The second factor is the electrical environment of the test point. Isolation voltage, allowable current, insertion loss, and connector format all affect whether a device will integrate cleanly into the measurement chain. For power electronics or control-loop analysis, engineers often also evaluate the acceptable DC current through the injector and the voltage drop introduced into the circuit.
A third point is whether the setup needs passive coupling or a more active injection method. Transformer-based devices are commonly preferred for straightforward isolation and signal coupling, while active injectors may be more appropriate when current modulation, lower voltage drop, or a specific monitoring function is needed.
Representative products and what they illustrate
The Tekbox TBJT01 and TBJT02 are good examples of compact transformer-based injectors for general-purpose test setups. Their published ranges show that they address different operating windows, helping users choose between lower-frequency emphasis and broader usable bandwidth depending on the DUT and test procedure.
On the PICOTEST side, the J2100A and J2101A illustrate classic injector choices for loop-related work across different frequency spans. The J2120A and J2121A point to use cases involving higher current or higher voltage conditions, where the injector must remain functional without becoming the limiting factor in the test setup. Meanwhile, models such as the J2113A show that some injectors are optimized for very specific measurement scenarios rather than generic coupling alone.
Related components in the signal chain
An injector rarely works in isolation.

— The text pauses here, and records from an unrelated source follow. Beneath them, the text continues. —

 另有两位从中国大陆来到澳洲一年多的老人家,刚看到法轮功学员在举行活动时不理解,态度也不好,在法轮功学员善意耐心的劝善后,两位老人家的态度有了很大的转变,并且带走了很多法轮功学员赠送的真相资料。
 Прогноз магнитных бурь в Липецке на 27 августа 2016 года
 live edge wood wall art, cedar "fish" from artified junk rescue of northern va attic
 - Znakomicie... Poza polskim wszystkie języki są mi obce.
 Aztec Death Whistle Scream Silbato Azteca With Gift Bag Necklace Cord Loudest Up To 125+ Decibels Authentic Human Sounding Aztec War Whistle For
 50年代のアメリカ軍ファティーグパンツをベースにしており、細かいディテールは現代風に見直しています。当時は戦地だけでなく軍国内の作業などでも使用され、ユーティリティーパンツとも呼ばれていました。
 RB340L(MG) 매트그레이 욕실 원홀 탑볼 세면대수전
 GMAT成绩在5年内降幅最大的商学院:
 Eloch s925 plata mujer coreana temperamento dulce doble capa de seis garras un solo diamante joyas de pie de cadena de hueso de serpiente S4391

Real measurement setups often include matching accessories and RF or telecom components to condition, split, isolate, or adapt the signal path. Depending on the lab environment, users may also need adapters for connector compatibility, especially when moving between instrument ports, fixture interfaces, and DUT connections.
In more advanced setups, engineers may combine injectors with a balun, an isolator, or a power divider to improve signal routing, impedance behavior, or measurement stability. Choosing these surrounding components carefully can be just as important as selecting the injector itself.

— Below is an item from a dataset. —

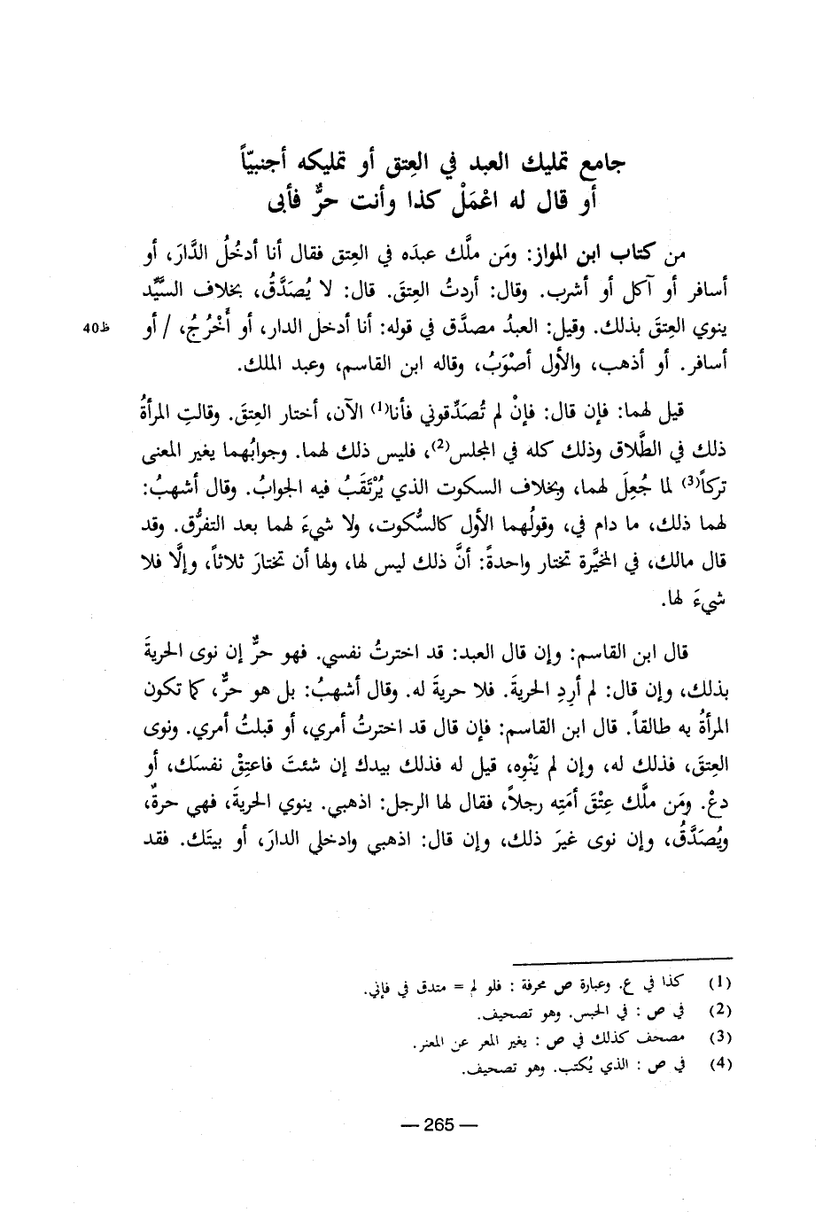 جامع تمليك العبد فى العتق أو تمليكه أجنبيا أو قال لة اعمل كذا وأنت حر فأبى منم كتاب ابن المواز: ومن ملك عبده فى العتق فقال أنا ادخل الدار, أو أسافر أو آكل أو أشرب. وقال: أردت العتق. قال: لا يصدق, ببخلاف السيد ينوى العتق بذلك. وقيل: العبد مصدق فى قوله: أنا أدخل الدار, أو أخرج,/ أو أسافر. أو أذهب, والاول أصوب, وقال ابن القاسم, وعبد الملك. قاللهما: فإن قال: فإن لم تصدقونى فأنا الان, أختار العتق. وقالت المرأة ذلك فى الطلاق وذلك كله فى المجلس فليس ذلك لهما. وجوابهما بغير المعنى تركا ولما جعل لهماغ, وبخلاف السكوت الذى يرتقب فيه الجواب. وقال أشهب: لهما ذلك, ما دام فى , وقولهما الاول كالسكوت, ولا شيء لهما بعد التفرق. وقد قالمالك, فى المخيرة تختارواحدة: ان ذلك ليس بها, أن تختار ثلاثا, وإلا فلا شىء لها. قال ابن القاسم: وإن قال العبد: قد اخترت نفسى. فهو حر إن نوى الحرية بذلك, وإن قال: لم أرد الحرية. فلا حرية له وقال أشهب: بل هو حر, كما تكون المرأةالمطلقةبه طالقا. قال ابن القاسم: فإن قال قد اخترت أمرى, أو قبلت أمرى. ونوى العتق, فذلك له, وغن لم ينوه, قيل له ذلك بيدك عن شئات فاعتق نفسك, أو دع. ومن ملك عتق أمته رجلا, فقال لها الرجل: اذهبى. ينوى الحرية, فهى حرة, ويصدق , وإن نوى غير ذلك, وإن قال: اذهبى وادخلى الدار, أو بيتك. فقد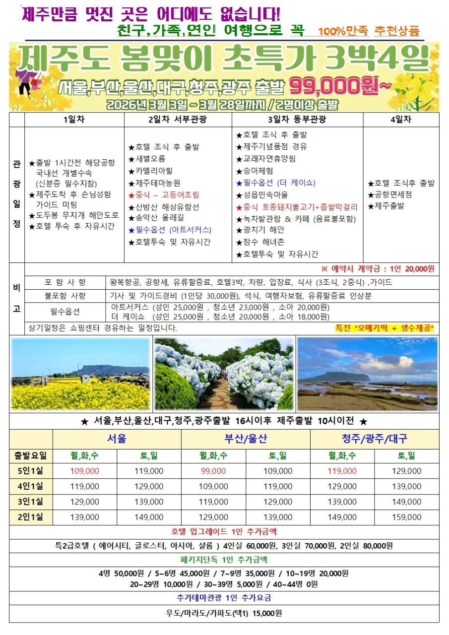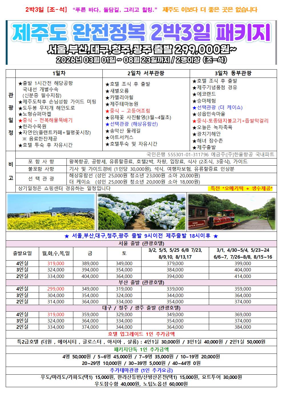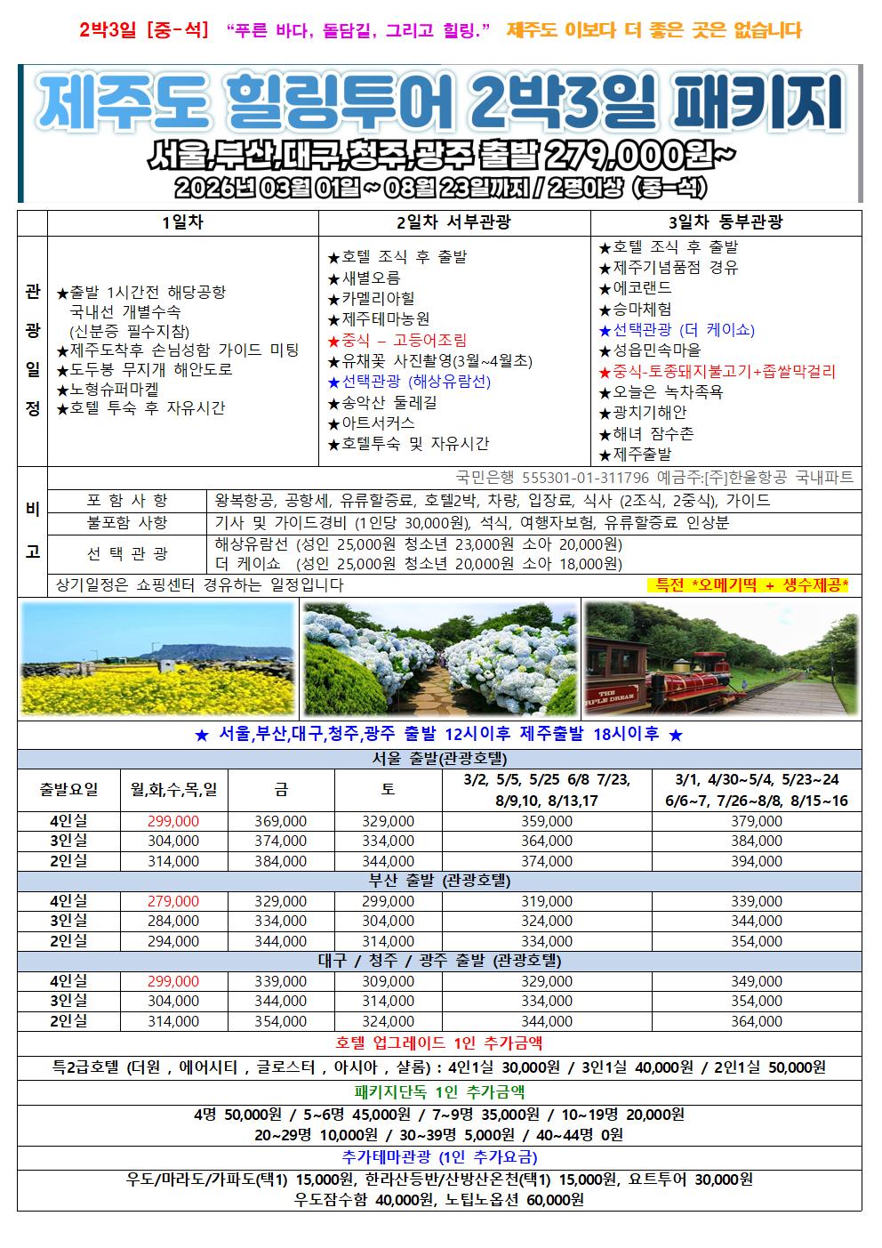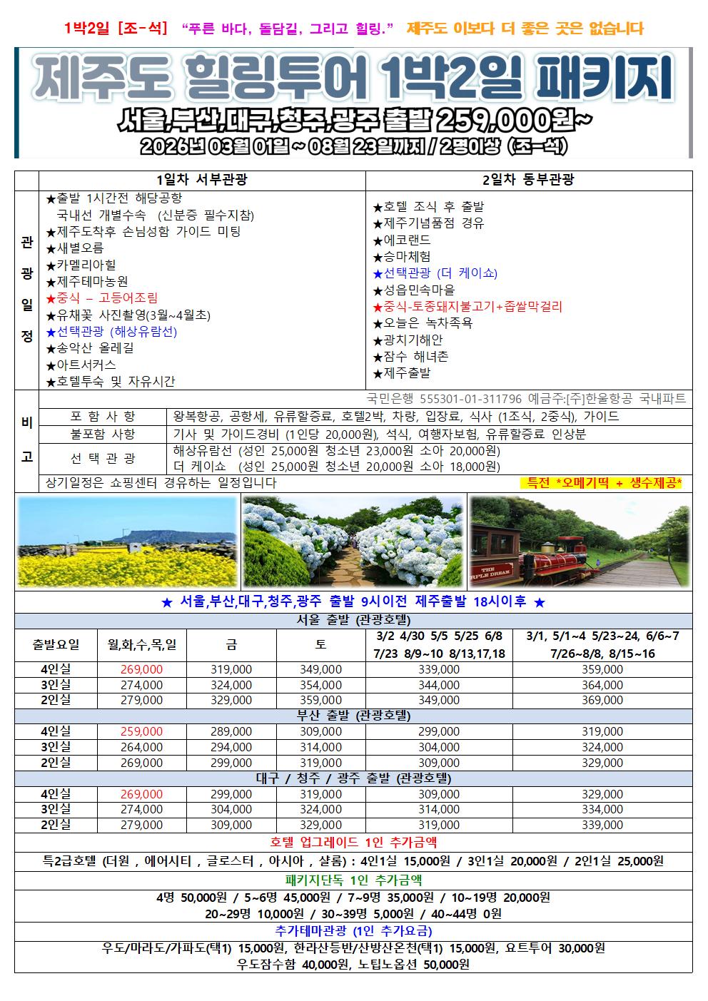 [전국출발] 제주도 12가지 상품 2일/3일/4일 일정 (노팁,노옵션,노쇼핑)

What matters in B2B purchasing
For engineering teams, the decision is rarely based on one specification alone. Buyers usually need to confirm compatibility with existing instruments, connector standards, voltage and current constraints, and the target measurement method. A suitable injector should support repeatable testing, fit the intended workflow, and reduce the need for improvised coupling arrangements at the bench.
For procurement and technical sourcing teams, it also helps to compare products by application fit instead of just headline bandwidth. Two injectors may appear similar at first glance, yet differ significantly in isolation approach, permissible operating conditions, or intended test topology. Reviewing the product details closely is the best way to shortlist the right option for the lab or production support environment.
Finding the right injector for your setup
This injector category is designed for users who need reliable signal injection across a range of electronic measurement tasks. Whether the priority is low-frequency transformer coupling, broadband injection, or a more specialized active approach, the available PICOTEST and Tekbox models provide options for different engineering test conditions.
If your measurement chain involves specific voltage, current, bandwidth, or connector constraints, it is worth selecting the injector based on the actual test method rather than on catalog labels alone. A well-matched device will make loop analysis, disturbance injection, and bench validation more efficient and easier to reproduce.